- _TASK GOAL_
When you reach the line with "A trio of halo-set" in the listing below, write out that line and every one after it exactly, and skip the pictures.

- _INFORMATION PROVIDED_
· · ·

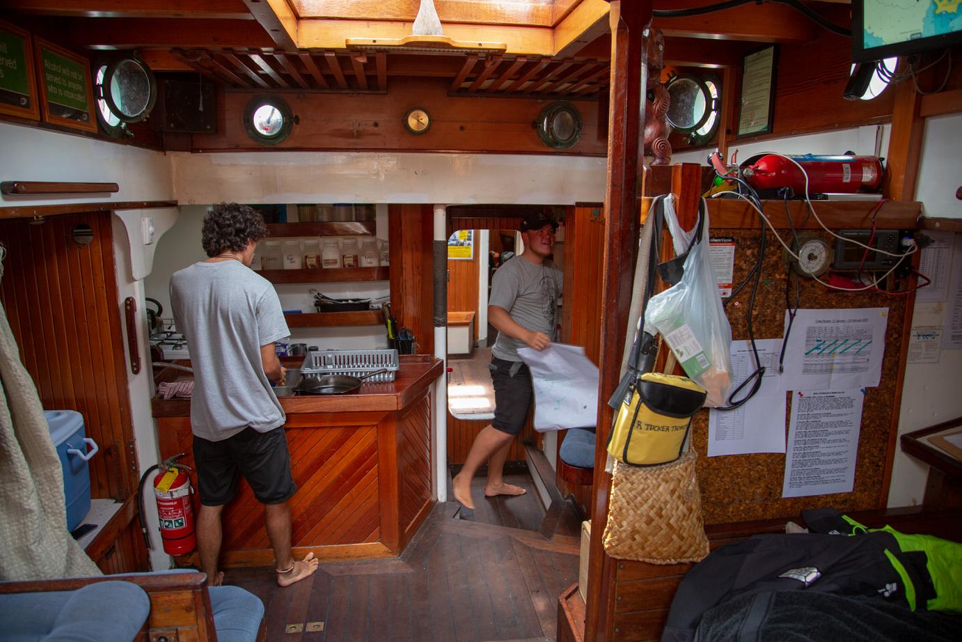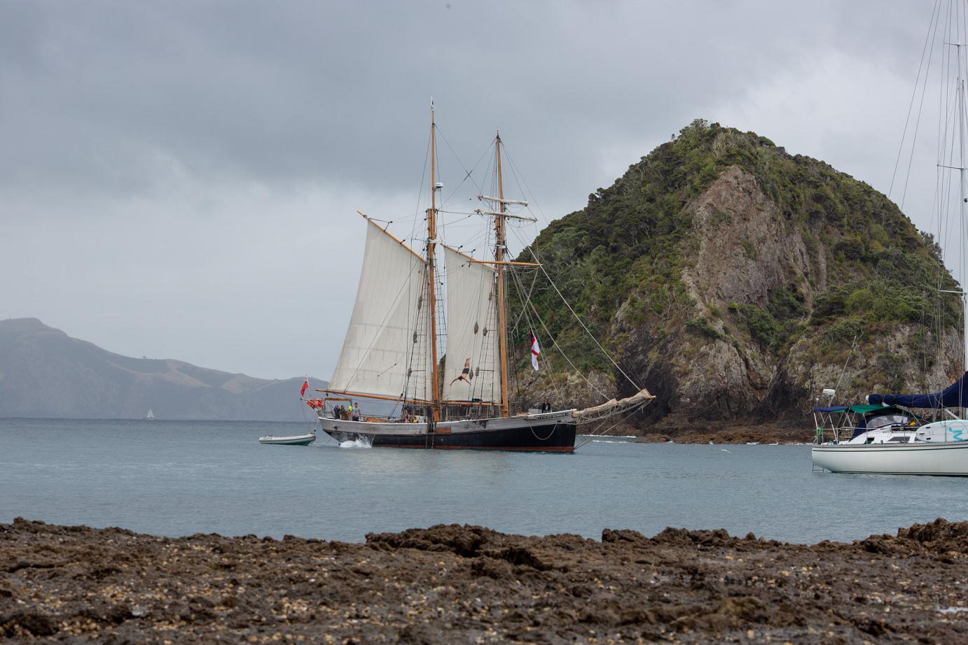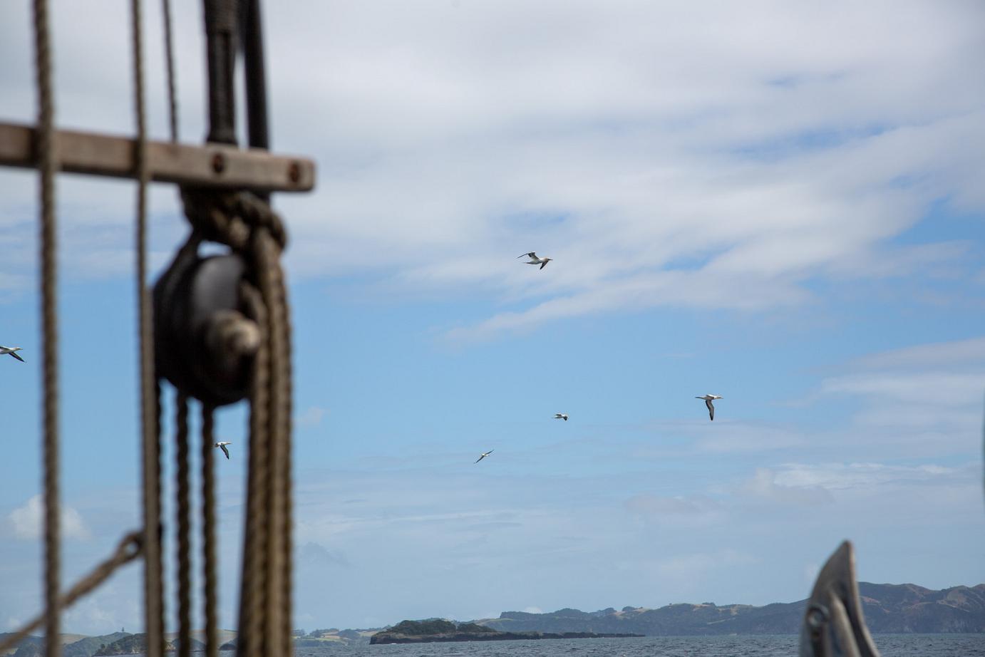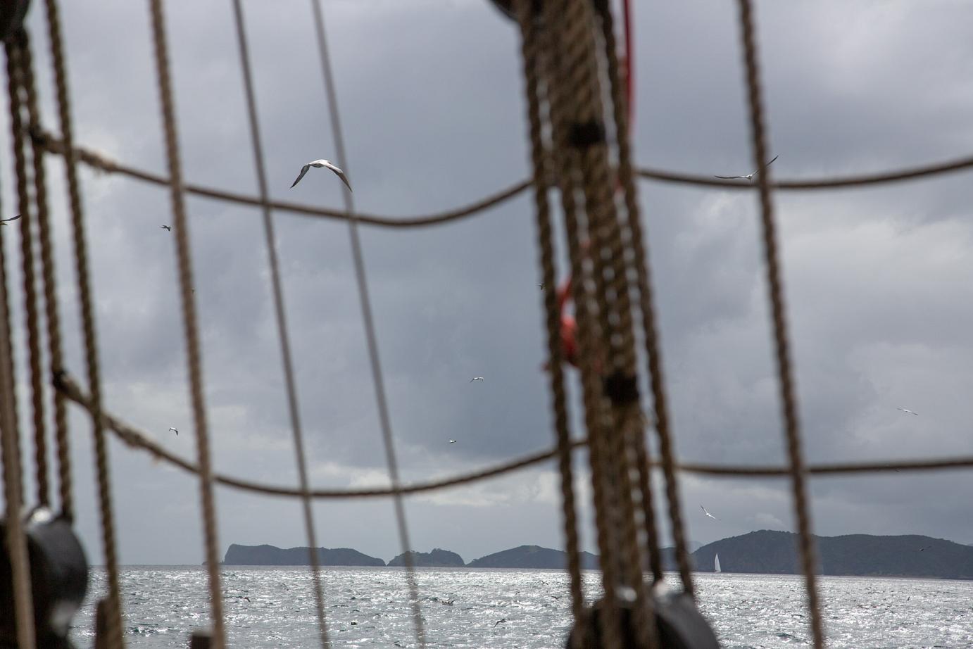 Das schöne Segelschiff R. Tucker Thompson ist ein Non-Profit-Projekt, d.h. die Erlöse der Touri-Bootstouren (155 NZD / ~93€ p.P.) fließen in den Erhalt des Schiffes und in die Ausbildung von jeweils 12 Jugendlichen, die im Winter für 10-14 Tage anheuren können. Danach können sie das Schiff ohne Zutun der Stamm-Crew zurück nach Russell segeln. Von wo auch immer 🙂
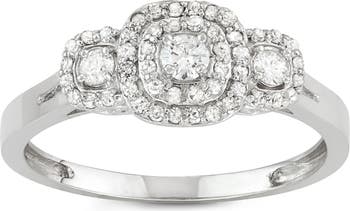 A trio of halo-set round-cut diamonds centers this simple yet stunning 51-diamond ring made from 10-karat white gold.
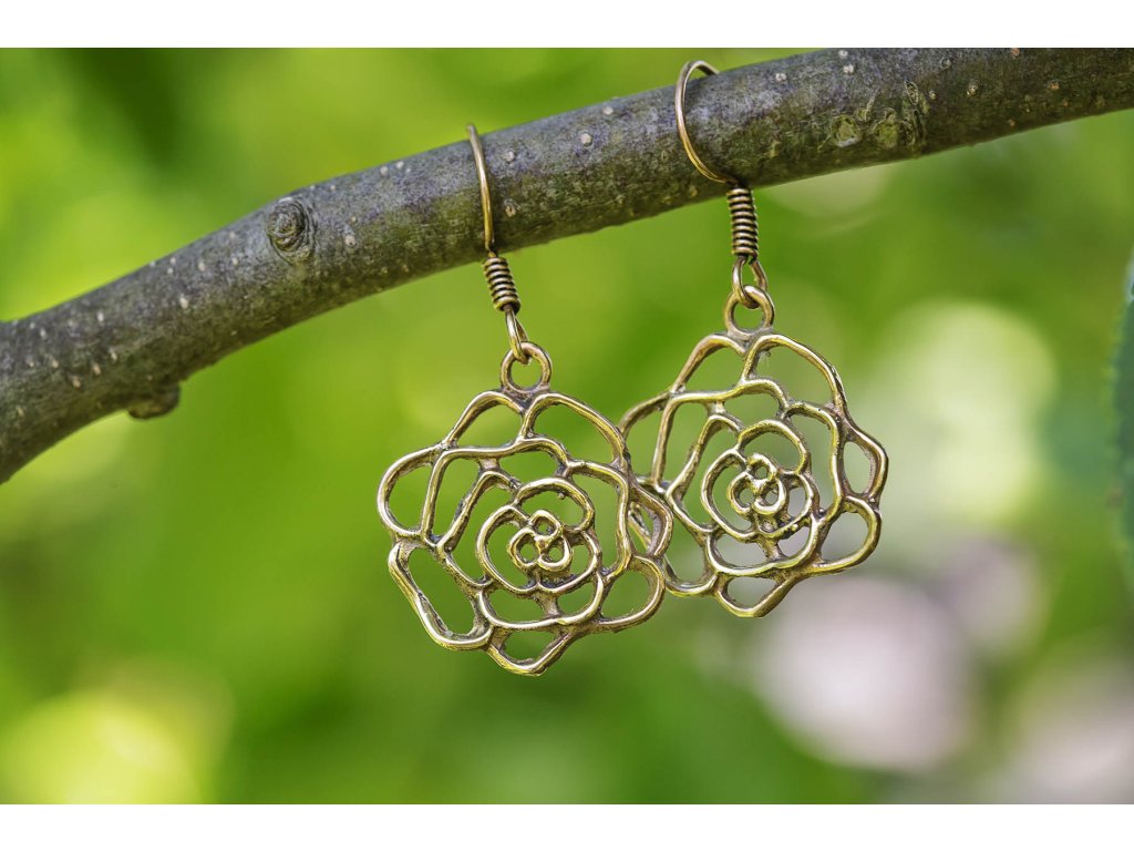 Náušnice růže Mosazné náušnice ve tvaru květu růže. délka cca 4,5 cm Hmotnost jedné náušnice cca 2 g

· · ·

- _TASK RESULT_
 A trio of halo-set round-cut diamonds centers this simple yet stunning 51-diamond ring made from 10-karat white gold.
 Náušnice růže Mosazné náušnice ve tvaru květu růže. délka cca 4,5 cm Hmotnost jedné náušnice cca 2 g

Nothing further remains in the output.